══ DATA UNDER STUDY

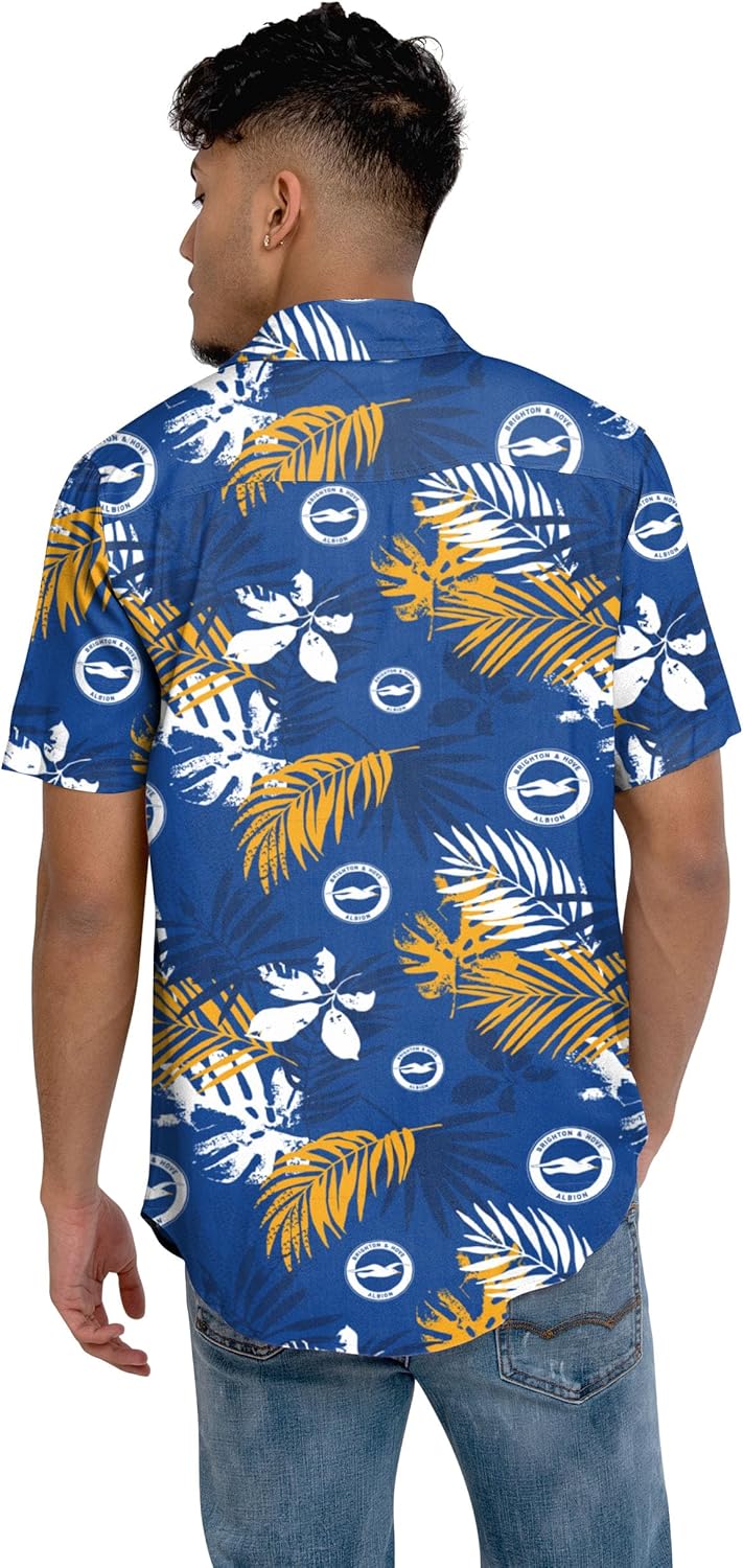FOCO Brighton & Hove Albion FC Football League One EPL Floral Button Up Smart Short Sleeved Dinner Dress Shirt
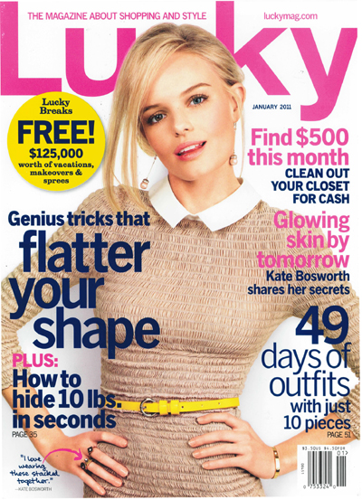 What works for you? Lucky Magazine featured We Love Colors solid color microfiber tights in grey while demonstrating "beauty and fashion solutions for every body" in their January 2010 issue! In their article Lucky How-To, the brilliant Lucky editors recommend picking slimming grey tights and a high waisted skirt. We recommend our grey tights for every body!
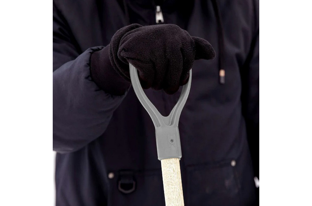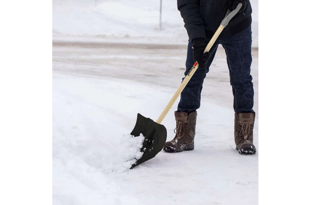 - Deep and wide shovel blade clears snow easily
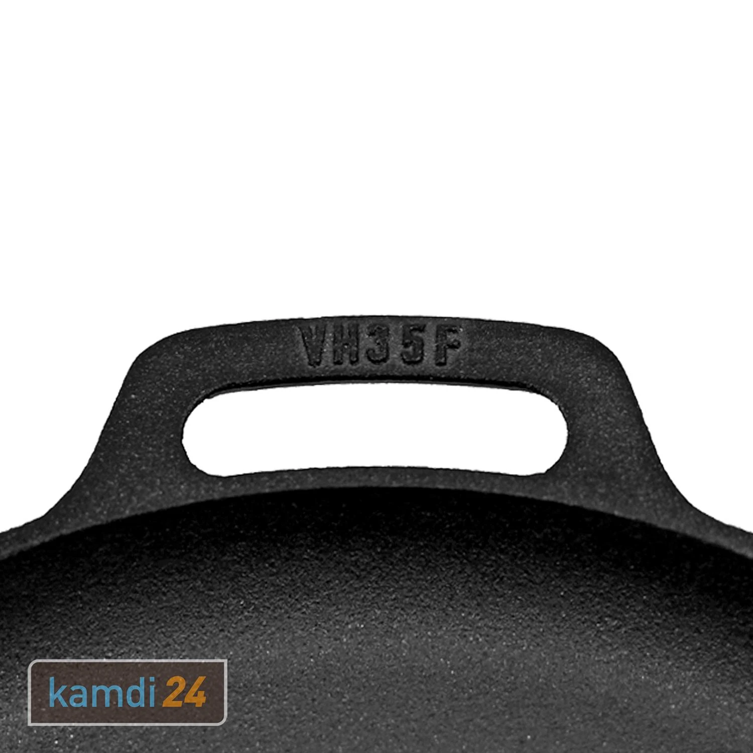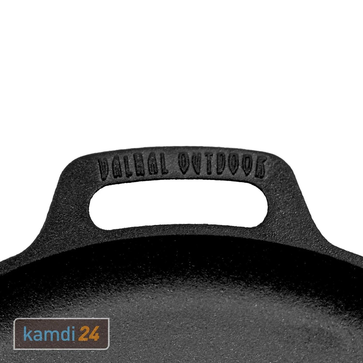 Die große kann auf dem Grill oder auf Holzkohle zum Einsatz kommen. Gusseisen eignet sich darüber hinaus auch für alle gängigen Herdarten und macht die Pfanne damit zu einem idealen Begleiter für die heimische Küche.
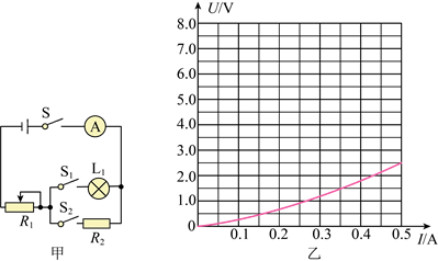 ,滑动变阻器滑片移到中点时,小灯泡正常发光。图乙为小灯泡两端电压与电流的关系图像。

════

• WHAT NEEDS TO BE DONE:
Without the pictures, give the entries above back exactly.

• WRITTEN RESPONSE:
FOCO Brighton & Hove Albion FC Football League One EPL Floral Button Up Smart Short Sleeved Dinner Dress Shirt
 What works for you? Lucky Magazine featured We Love Colors solid color microfiber tights in grey while demonstrating "beauty and fashion solutions for every body" in their January 2010 issue! In their article Lucky How-To, the brilliant Lucky editors recommend picking slimming grey tights and a high waisted skirt. We recommend our grey tights for every body!
 - Deep and wide shovel blade clears snow easily
 Die große kann auf dem Grill oder auf Holzkohle zum Einsatz kommen. Gusseisen eignet sich darüber hinaus auch für alle gängigen Herdarten und macht die Pfanne damit zu einem idealen Begleiter für die heimische Küche.
 ,滑动变阻器滑片移到中点时,小灯泡正常发光。图乙为小灯泡两端电压与电流的关系图像。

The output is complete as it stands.